(Task): Beginning with the line that holds "系统默认登录方式为【刷脸登录", copy each line through the end of the material below, exactly and with no pictures.

(Material provided):

○ ○ ○ ○ ○

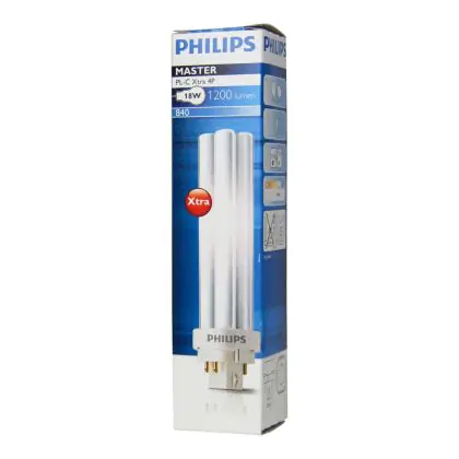 Philips PL-C 4P are compact fluorescent lamps with separate power supplies, without a starter or capacitor. This model is very energy efficient and is equipped with a 4 pin socket. Philips PL-C Xtra 18W 840 4P have a G24q-2 socket type and measure 114 cm.
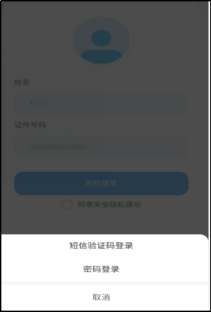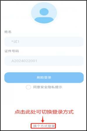 系统默认登录方式为【刷脸登录】,考生可点击下方【换个方式登录】,选择【短信验证码登录】或【密码登录】。
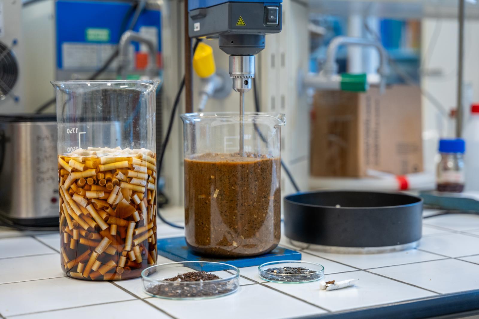 V roce 2022 proto firma Philip Morris odstartovala sběr těchto náplní přímo ve svých prodejnách. Ty pak putují ze sběrných boxů do laboratoří několika výzkumných pracovišť i soukromých firem, kde chemici a technologové zkoumají další využití. Výzvou je dokonalé vyčištění acetátu celulózy od cigaretového odéru | Autor: Václav Koníček

○ ○ ○ ○ ○

(Task solution):
 系统默认登录方式为【刷脸登录】,考生可点击下方【换个方式登录】,选择【短信验证码登录】或【密码登录】。
 V roce 2022 proto firma Philip Morris odstartovala sběr těchto náplní přímo ve svých prodejnách. Ty pak putují ze sběrných boxů do laboratoří několika výzkumných pracovišť i soukromých firem, kde chemici a technologové zkoumají další využití. Výzvou je dokonalé vyčištění acetátu celulózy od cigaretového odéru | Autor: Václav Koníček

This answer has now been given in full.